Кому-то может показаться странным, что королевское жалованье вместе с дополнительными доходами не обеспечивало нам с учителем зажиточное существование. Но средства профессора оказались полностью истощены переездом из Венеции, и для обустройства в Париже пришлось сделать займы. Проценты у парижских ростовщиков просто грабительские, особенно если залог составляют вещи, кажущиеся им недостаточно ценными, как старинные книги или что-то подобное. Жалованье казна платила без задержек только при Кольбере, а заказы на фейерверки тоже пошли не сразу. Оплату за обучение приходилось вносить в полном размере: в Парижском университете существовали коллегиумы с льготами для небогатых студентов, но они были организованы по принципу землячеств и мне заведомо не подходили. Наставник шутил, что мы с ним теперь живем как настоящие аристократы — главную статью расходов составляют проценты по долгам. У нас были все основания считать себя счастливее других, потому что многим приходилось гораздо тяжелее. Седьмой год шла война за наследство Виттельсбахов, Францию поразил страшный неурожай, сотни тысяч бедняков умерли от голода или ожидали подобной участи. Цены на хлеб взлетели до небес.
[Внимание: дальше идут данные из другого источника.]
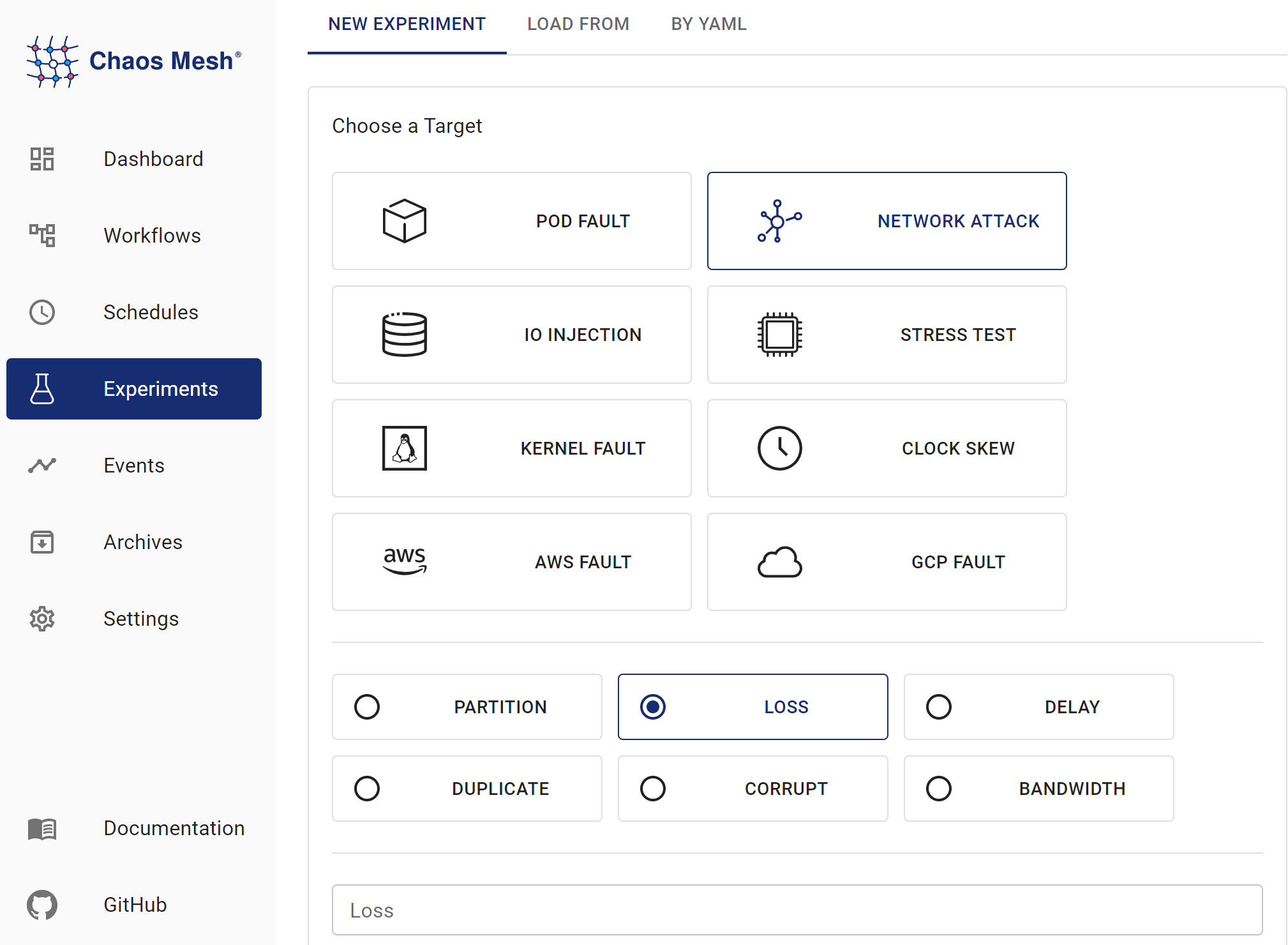 2. In the Choose a Target area, choose NETWORK ATTACK and select a specific behavior, such as LOSS. Then fill out specific configuration.

Иногда мне приходилось сопровождать профессора в служебных поездках, чаще всего это были посещения селитряных варниц, не далее двадцати или тридцати лье от столицы, и продолжались они не дольше недели. И вот однажды, летом девяносто пятого года, он заявил, что предстоит длительное путешествие: мы отправляемся во Фландрию, в действующую армию. Я до утра не мог заснуть от волнения: кажется, мои мечты о воинских подвигах осуществятся! Действительность оказалась более прозаичной. С пороховым обозом мы тащились по равнинам Иль-де-Франс и холмам Пикардии так долго, что едва успели принять участие в знаменитой бомбардировке Брюсселя, предпринятой Виллеруа для отвлечения противника от Намюра. Я должен защитить маршала от обвинений в жестокости, часто предъявляемых ему за превращение огромного богатого города в дымящиеся руины. Жителям была дана возможность заблаговременно выйти из-под обстрела, и немногочисленные жертвы составили в большинстве мародеры из городской черни, застигнутые французскими бомбами на месте грабежа. Зрелище грандиозного пожара было чрезвычайно впечатляющим.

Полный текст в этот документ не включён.